В районе Пимлико поток машин редеет. Но это Лондон, и окончательно этот поток никогда не пересохнет. Только меняется облик. На крохотную долю процента снижается интенсивность. Ниже темп. Торговля переходит на ночной режим там, где не такой высокий спрос. Помню восторг, который вызывало все это купи-продай, будто кто-то брал тебя под руку и тащил вперед.

История и память вовсе не одно и то же.

* * *

Когда вспоминаю свою прошлую жизнь, то словно придумываю ее заново, всплывающими перед глазами образами, мельчайшими абстрактными картинками. И в этих воспоминаниях я сочиняю собственный ритм, одновременно похожий на оригинальный бит, но и далекий от него настолько, что кажется лишь импровизацией по мотивам. А в конце я каждый раз оказываюсь лицом к лицу с одним и тем же вопросом. С чего все началось?

* * *

Например, с папы. Можно ли сказать, что началось с него?

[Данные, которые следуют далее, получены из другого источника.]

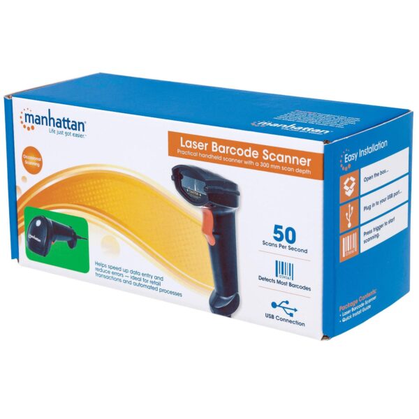 • Aiuta l’immissione dei dati di velocità, riduce gli errori e migliorare l’efficienza; ideale per le operazioni di vendita al dettaglio e dei processi automatizzati• Keyboard Wedge Decoder visualizza i dati come se direttamente inseriti dalla tastiera• Lettore di codice a barre con largo campo di scansione offre veloce, preciso legge fino a 50 scansioni al secondo fino a 300 mm• Rileva la maggior parte dei simboli compreso UPC, EAN, barcode 1D, GS1 DataBar Family e molto altro ancora• Interfaccia permutabile per integrarsi con la maggior parte dei PC• Facile da installare e da usare, non richiede software o uno speciale tirocinio• Grado di protezione IP42Informazioni generali• Supporta character editing e funzione ISP• Sorgente di luce: laser rosso 650 +/- 10 nm• Scanner range: fino a 300 mm @ 20 mil / 0.5 mm, PCS 90%, Code39• Risoluzione: 5 mil / 0.127 mm @ PCS 0.9, Code39• Conferma di lettura: segnale acustico e LED• Luce ambiente: 5,000 lux massima (luce solare)• Velocità di scansione: 50 scansioni/ secondo• Modalita’ di lettura automatica• Facile selezione della modalita’ di lettura automatica o manuale tramite doppio click sul grilletto• Interfaccia: USB• Interruttore: grillettoCodici supportati• UPC/EAN/JAN, Code 39, Full ASCII, Code 11, Matrix 25, Code 128, Code 93, Interleave 25, Industrial 25, Codabar/NW7, Telepen, MSI/PLESSEY, China Postage, Code 32/Italian Pharmacy, GS1 DataBar Omnidirectional & Stacked, GS1 DataBar Limited, GS1 DataBar Expanded & Stacked, Code 26, LCD25Fisiche• Dimensioni: 71.1 x 62.6 x 169.3 mm (W x H x L)• Peso: 123 g (4.35 oz.)• Lunghezza del cavo: 1.5 m• Temperatura d’esercizio: 0 – 50°C• Temperatura di stoccaggio: -20 – 70˚C• Umidita’ relativa: 20 – 95%• Alloggiamento: ABS e gommaInformazioni elettriche• Voltaggio: DC +5 V +/- 5%• Consumo: 65mAStandard e certificazioni• FCC• CE• USBContenuto della confezione• Lettore Laser Barcode Professionale• Guida veloce d’installazione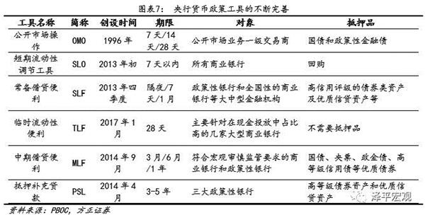抵押补充贷款(PSL):创设于2014年4月,创设初期主要是为棚户改造提供专项资金支持,后逐步扩展到重大水利工程、人民币“走出去”贷款项目等。其投放对象主要是国开行、农发行和进出口银行,同样以抵押贷款形式发放,由于项目投向具有严格的限定,其操作对于流动性的影响相对较小。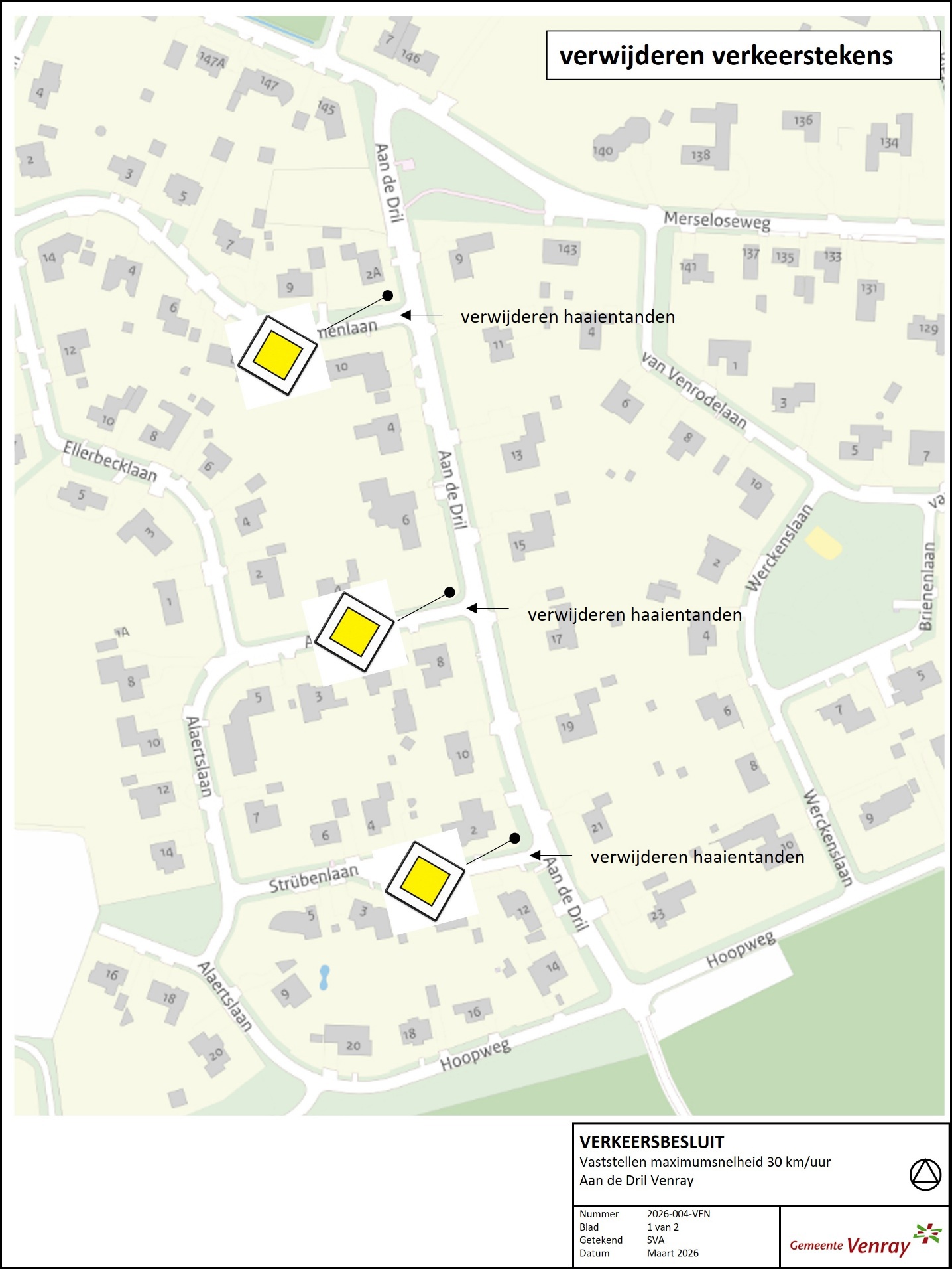Door het verwijderen van verkeersborden B1 van Bijlage I van het RVV 1990 en het verwijderen van de haaientanden Aan de Dril als voorrangsweg op te heffen;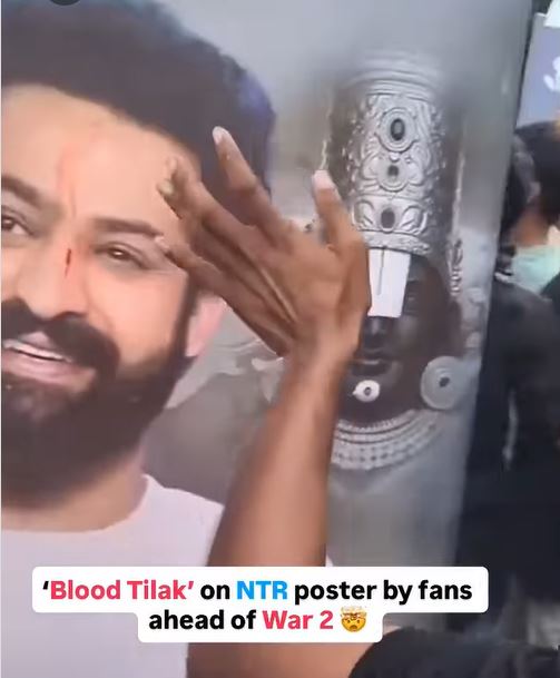 एक पैपराजी के इंस्टाग्राम पेज से वीडियो शेयर किया गया है जिसमें लोग वॉर 2 की रिलीज का जश्न मना रहे हैं। जूनियर एनटीआर के फैंस उनका पोस्टर लेकर झूम रहे हैं और पटाखे फोड़ते दिखाई दिए। वीडियो में एक फैन दिखा जिसने अपना अंगूठा काटकर खून से जूनियर एनटीआर के पोस्टर पर तिलक लगाया। जैसे ही वीडियो सोशल मीडिया पर वायरल हुआ, लोग हैरान रह गए।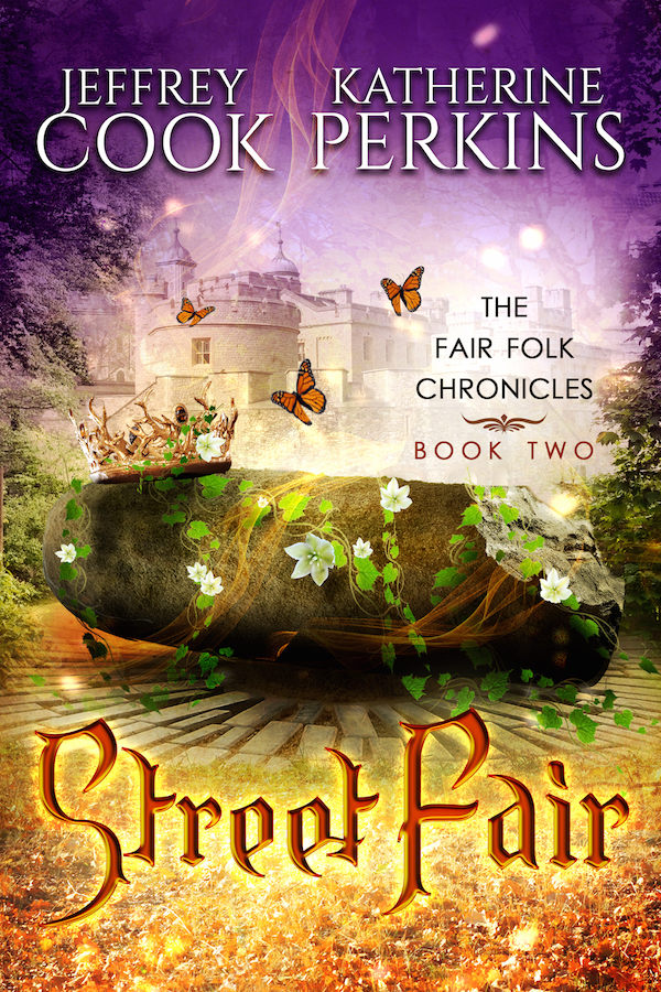 Today’s third Boosting the Signal catchup post features another pair of previous guests: the writing team of Jeffrey Cook and Katherine Perkins! They’re on hand to bring you an excerpt from Book 2 of their Fair Folk Chronicles–a series which, since this book’s release, has gone on to include a Book 3 as well! In this short excerpt from Street Fair, two characters have a very basic goal before them: figure out how to get past a barrier. Without exploding. As you do.

– Ксандер, – сказал он однажды, – ты такой умный. Ну почему ты всегда стремишься все разрушить?

Он разговаривал со мной наедине, без Рори. Он убеждал себя, что не хотел смущать меня, однако я знал правду: он не мог предугадать мои ответы.

– Математика – это скучно, – сказал я.

Я презирал его за тот воловий взгляд больших карих глаз.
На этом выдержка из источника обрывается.